Craso dio un paso adelante y tendió la mano con ansiedad. Ése era su momento. Pero al tomar el órgano sangriento, se le resbaló de las manos, cayó al suelo y rodó alejándose de él.
Tarquinius respiró hondo.
—Nadie puede negar lo que esto significa.
Craso gimió. El corazón ya no era rojo. Miles de granos de arena cubrían su superficie y se había vuelto amarillo.
El color del desierto.
Se quedó mirando al sacerdote, que estaba lívido. Todos los espectadores se habían quedado paralizados de la impresión.
—¡Di algo!
El anciano carraspeó.
—¡Los augurios se mantienen! —exclamó—. ¡En la sangre he visto una poderosa victoria de los dioses!

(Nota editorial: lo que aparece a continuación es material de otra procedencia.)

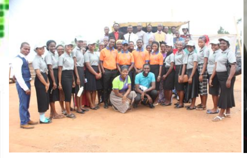
Mission volunteers in a group photograph

Los hombres se miraron entre sí, muchos hicieron rápidamente el signo contra los maleficios, otros frotaron los amuletos de la suerte que llevaban al cuello. No habían visto el contenido del cuenco. Lo que habían visto era que a Craso se le había caído el corazón del toro, un símbolo fundamental del coraje. Las manos les empezaron a sudar y arrastraban los pies en la arena. En lugar de ovaciones, un molesto silencio se respiraba en el ambiente.
Al levantar la vista, Craso vio a un grupo de doce buitres planeando en las corrientes termales. No fue el único que los vio. No había tiempo que perder.
—¡Soldados de Roma! No os preocupéis —gritó—. Las manos del sacerdote son resbaladizas, ¡igual que las vuestras en contacto con la sangre de los partos!
Romulus se volvió nervioso hacia Tarquinius.
—Es un farsante —dijo el etrusco en voz baja—. Pero no temas. Todavía podemos sobrevivir.
Su comentario no resultaba muy tranquilizador. Parecía imposible que el ejército de Craso fuese derrotado, pero el corazón lleno de arena seguía en el suelo ante todos ellos.
Sangrienta manifestación.
Romulus quería creer en Tarquinius. La alternativa no quería ni pensarla.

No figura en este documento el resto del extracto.